The point is that by extending the Christmas Shopping Season, it dilutes its impact. The pace of shopping becomes relaxed, unhurried - and NOT very impulsive. Profits are generated by impulse shopping and the more of it the better. Too much selection is fine, but the price per unit is low and so is the margin. People who are unhurried are give TOO MUCH TIME to shop. They can compare prices, find the best deals, hunt down something in another store. In short they can find the most at the least profit to the merchants.

Consumers may be expecting this, and that may be why Christmas Creep is so awful this year. But times were bad before and Christmas Creep didn't happen then. The merchants have forgotten that they can buy fewer items, available over a shorter amount of time, generating increased demand, and therefore increased premium on the price.

Today, if a toy or item available at Christmas time is popular, EVERYONE HAS ONE. That completely undermines its unique qualities. If only a few have it, and a lot want it, that makes it much MORE special to those who have it. But if everyone has it, that detracts from its uniqueness, making it less valuable, and therefore unable to command a premium price.

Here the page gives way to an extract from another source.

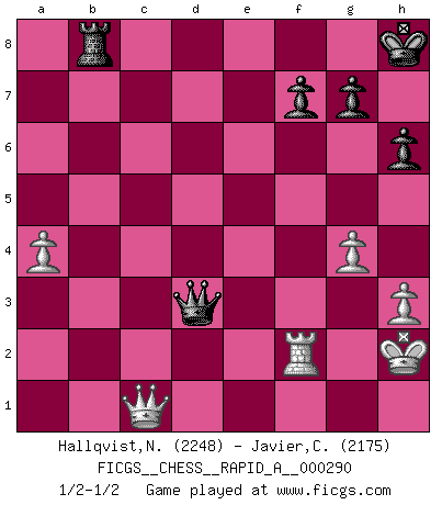 Last move : 1/2-1/2 2023 March 18 10:51:2 [Event "FICGS__CHESS__RAPID_A__000290"] [Site "FICGS"] [Date "2022.12.09"] [Round "1"] [White "Hallqvist,Niklas"] [Black "Javier,Christian"] [Result "1/2-1/2"] [WhiteElo "2248"] [BlackElo "2175"] 1.c4 e5 2.g3 Nf6 3.Bg2 c6 4.Nf3 e4 5.Nd4 Qb6 6.Nb3 a5 7.d3 a4 8.N3d2 Bc5 9.O-O e3 10.fxe3 Bxe3+ 11.Kh1 Ng4 12.Ne4 O-O 13.Nbc3 Bxc1 14.Qxc1 d5 15.cxd5 Ne3 16.Rf3 Nxd5 17.Qd2 Qd8 18.Rf2 a3 19.Nxd5 cxd5 20.Nc3 Be6 21.bxa3 Rxa3 22.Qb2 Ra6 23.Qxb7 Rb6 24.Qa7 Nc6 25.Qa4 h6 26.Raf1 Qd7 27.Qf4 Rb4 28.Qd2 Rfb8 29.Rf4 Rb2 30.Qc1 Ne5 31.Rd4 Kh8 32.a4 Qa7 33.Rdf4 Qa5 34.h3 Qb6 35.Nxd5 Bxd5 36.Bxd5 Rxe2 37.Be4 Qe6 38.g4 Qd7 39.R1f2 Nxd3 40.Bxd3 Rxf2 41.Rxf2 Qxd3 42.Kh2 1/2-1/2 Follow this game move after move (download)My God, Bobby Fischer plays so simply. (Alexei Suetin) Offensichtlich kennt Kasparow nichts anderes als Schach, und ich könnte 500 weitere Spieler dieser Sorte benennen. (Judith Polgar) Los asuntos humanos son como una partida de Ajedrez: solo aquellos que no lo toman seriamente, pueden ser llamados buenos jugadores. (Hung Tzu Ch'eng) Les sacrifices démontrent seulement que quelqu'un a gaffé. (Savielly Tartacover) Once you start thinking you have nothing left to learn, you have everything to learn. (Steve Badget)

It also creates a throw-away and very wasteful society at a time in human history when such acts will have some very long-term, negative repercussions for the entire species. If their toys are commonplace, they're treated as commonplace and tossed on a whim. When I was a kid, I never threw away my toys. They were hard to get, fun to play with and valuable in my eyes.

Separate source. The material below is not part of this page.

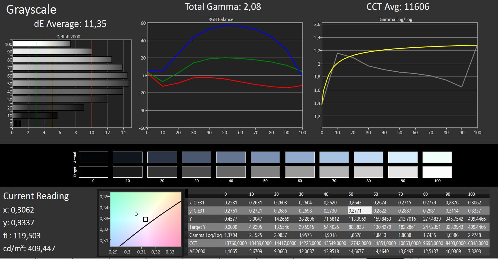 ΔE Greyscale Calman: 11.35 | ∀{0.09-98 Ø5}

(Disclaimer: I knew these Christmas presents came from my parents from the age of 3. Never let a genius sit on the lap of a Santa billed as "the one and only Santa Claus" who is wearing a fake beard. Once I figured out Santa was fake, the Easter Bunny and Tooth Fairy were quickly filed into their proper mythological places.)

People need to appreciate what they get. If they don't, they treat things like crap. If everyone can get the Sparkly Pony with the Kung Fu Grip, then it's not special to them and that toy will find itself under the tires of the family car because they didn't care about it enough to bring it in with them when they were done playing.

Extending the holiday season may be how merchants are extending their profits, but to me, they're blowing a golden opportunity. Quantity will never return as much profit profit as quality. They need to stock only a limited number of things, and charge as much as the market will bear. If some folks can't afford it or get one due to limited supply, oh well. That's how life is. And disappointment in childhood often leads people to doing more and better in adulthood.

Kids need to learn about disappointment and how to handle it, and to appreciate the things they do get. It's a life lesson that's good not only for them, but for everyone in the long run.

And maybe we can de-creep the Christmas Creep.